Think & Built Bigger Faster Better

Assume you’re scrolling through your phone’s images and come upon an image you don’t recognize at first. On the couch, it appears to be something fluffy; might it be a cushion or a coat? It clicks after a few seconds — of course! Mocha, that fluffy ball is your friend’s cat. While some of your photographs were easy to understand, why was one cat photo so difficult?

Despite the critical importance of understanding visual data in critical areas ranging from health care to transportation to household devices, MIT Computer Science and Artificial Intelligence Laboratory (CSAIL) researchers discovered that the notion of an image’s recognition difficulty for humans has been almost entirely ignored. Datasets have been a primary driver of success in deep learning-based AI, but we know little about how data drives progress in large-scale deep learning beyond the fact that bigger is better.

Humans beat object identification algorithms in real-world applications that require comprehending visual input, despite the fact that models perform well on existing datasets, particularly those expressly meant to test machines with debiased images or distribution changes.  This issue persists in part because we lack information on the absolute difficulty of an image or dataset. It is difficult to objectively assess progress toward human-level performance, cover the spectrum of human abilities, and raise the challenge offered by a dataset without controlling for the difficulty of images used for evaluation.
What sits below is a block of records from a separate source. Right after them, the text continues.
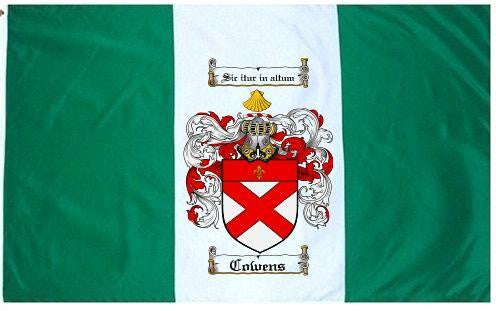 Cowens Family Crest Flag / Coat of Arms Flag. You will receive a high quality 3' x 5' Polyester flag with two brass grommets. Proudly display your family heritage with this flag, or hang as a banner on a wall. Our flags make great gifts for birthdays, weddings, anniversaries, fathers day, mothers day, groomsmen gifts, and any other occasion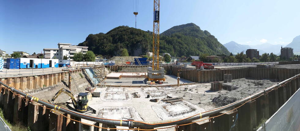Während der Bauphase begleitete GEOTEST die Tiefbauarbeiten und übernahm die Grundwasserüberwachung. Eine der grössten Herausforderungen dabei war die Grundwasserabsenkung. Grund dafür waren die komplexen und auf dem gesamten Areal stark unterschiedlichen Untergrundverhältnisse.
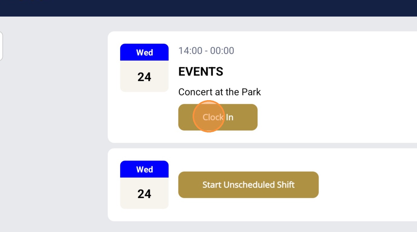 18. Click Clock In to start the shift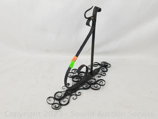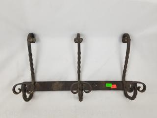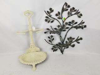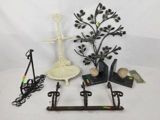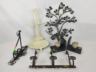One bookend has a loose piece. Plant hanger bracket, 3 wrought iron hooks, candleholder, scalloped stand.

David Mayo, an MIT PhD student in electrical engineering and computer science and a CSAIL affiliate, dug into the deep world of image databases to bridge this knowledge gap, investigating why certain photos are more difficult for people and robots to recognize than others. “Some images take longer to recognize inherently, and it’s critical to understand the brain’s activity during this process and how it relates to machine learning models.”  Perhaps our present models are missing complicated brain networks or unique mechanisms that become obvious only when tested with difficult visual inputs. “This research is critical for understanding and improving machine vision models,” says Mayo, lead author of a recent paper on the study.

This resulted in the creation of a new metric, the “minimum viewing time” (MVT), which assesses the difficulty of recognizing an image based on how long it takes a person to examine it before correctly identifying it.  The team showed images to participants for varying durations ranging from 17 milliseconds to 10 seconds, and asked them to choose the correct object from a set of 50 options, using a subset of ImageNet, a popular dataset in machine learning, and ObjectNet, a dataset designed to test object recognition robustness. The team discovered that previous test sets, like ObjectNet, appeared to be slanted toward easier, shorter MVT images, with the great majority of benchmark performance deriving from images that are easy for humans.

The experiment discovered intriguing tendencies in model performance, notably in terms of scalability. Larger models improved significantly on basic images but made less progress on more difficult images.  The CLIP models, which combine language and visual, stood noteworthy as they advanced toward more human-like recognition.

“Traditionally, object recognition datasets have been skewed toward less-complex images, resulting in an inflation of model performance metrics that are not truly reflective of a model’s robustness or ability to tackle complex visual tasks.” “Our research shows that harder images pose a more acute challenge, resulting in a distribution shift that is frequently overlooked in standard evaluations,” Mayo adds. “We released image sets labeled by difficulty, as well as tools to compute MVT automatically, allowing MVT to be added to existing benchmarks and extended to a variety of applications.”  Measurement of test set difficulty prior to deploying real-world systems, discovery of neural correlates of image difficulty, and advancement of object recognition techniques to close the gap between benchmark and real-world performance are among these.”

“One of the most important takeaways for me is that we now have another dimension to evaluate models on.” We want models that can recognize any image, even if it is difficult for a human to recognize it. We are the first to quantify the implications of this.  “Our findings show that not only is this not the case with today’s state of the art, but that our current evaluation methods are unable to tell us when it is because standard datasets are so skewed toward easy images,” says Jesse Cummings, an MIT graduate student in electrical engineering and computer science and co-first author on the paper with Mayo.